There is just the one positive aspect of the horrendous Covid-19 pandemic, amid the many unspeakable tragedies.

“Really?”, you say? A positive outcome of the Covid horror?
Yes, really.

Why? Because, early on, it chose to plant itself in the Prime Minister’s overweight body, as a result of which Boris had a brush with death and ended up in intensive care.

I am certainly not celebrating this fact, but the PM clearly saw his ordeal as a warning, which is why, it seems, he launched a war on obesity.

His proposed new plan is to force restaurants and takeaways to list the number of calories in food and soft drinks in the hope it will make people think twice before ordering.

The thinking being that they might subsequently lose weight, which will, ­hopefully, result in fewer people burdening GPs and hospitals.

Yes! After years of politicians and advisers mumbling on about a plan to cut obesity levels, then promising several but failing to act on even one, it seems it’s taken a deadly virus to sharpen them all into action.
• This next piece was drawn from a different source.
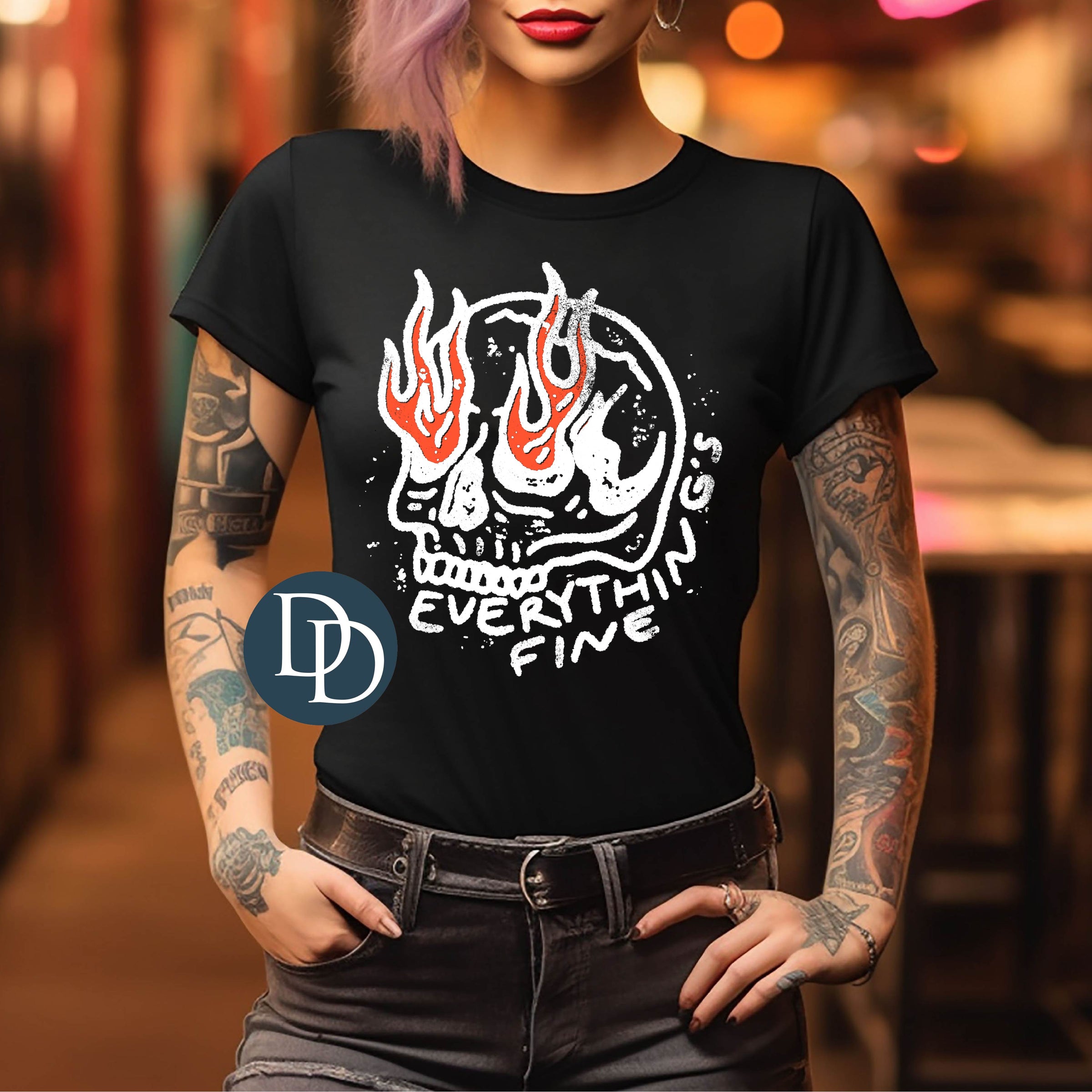 Everything is Fine Burning Skull White Ink *DTF Transfer*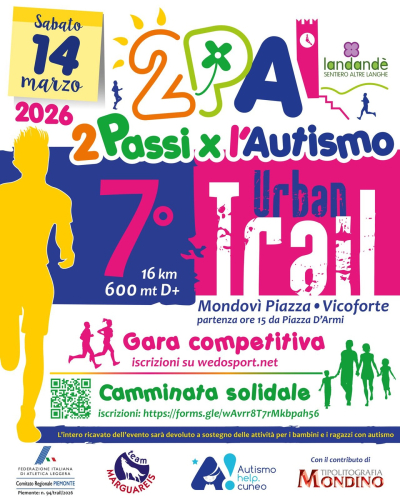 Sabato 14 maggio Mondovì torna ad ospitare “2 passi per l’autismo”, evento organizzato dall’Associazione sportiva Team Marguareis insieme ad Autismo Help Cuneo OdV. Un appuntamento sempre molto atteso che anche quest’anno prevede la corsa competitiva e la camminata solidale adatta a tutti. L’intero ricavato della giornata verrà devoluto al sostegno delle persone con autismo e delle loro famiglie. Iscriviti alla corsa competitiva o alla camminata solidale

The Prime Minister has also proposed to plonk a ban on all junk-food advertising before the 9pm watershed (how many times have we heard that before?) and is mulling over proposals to launch the ban online too. This is almost verging on beyond the call of duty territory, something Boris has rarely been accused of.

So, at the end of this horrific period, the Prime Minister’s coronavirus experience could well end up being a life-saver for those partial to high-calorie food.

Oh, and while I’m at it, what about calorie-loaded drinks, such as Monster Energy? Beloved of teens and night owls, and packed full of sugar which gives it the ‘energy’, it’s actually nothing more than a can of sugary liquid calories – 237 of the ­beauties in a single 500ml tin, largely down to the huge 55g of sugar in each helping.

And Ribena? One of the UK’s favourite soft drinks, apparently full of blackcurrants, but also high in sugar and energy, with around 104 calories in a 500ml bottle and 23g of sugar, which is more than two-thirds of the recommended daily sugar intake for an adult.

It was a childhood favourite in our house, one in which the only wars were the regular scuffles that broke out when my brother clearly had a bigger glass than me. I wouldn’t have fought so hard then, though, if I’d known that a glass contained so much sugar.

Hopefully, then, Boris’s scary brush with Covid-19 and his subsequent efforts to lose weight and to spread the message, will help others to shed the pounds too.

Of course, it will never make up for the physical and mental horrors left behind by this deadly virus, but at least it’s a step in the right direction.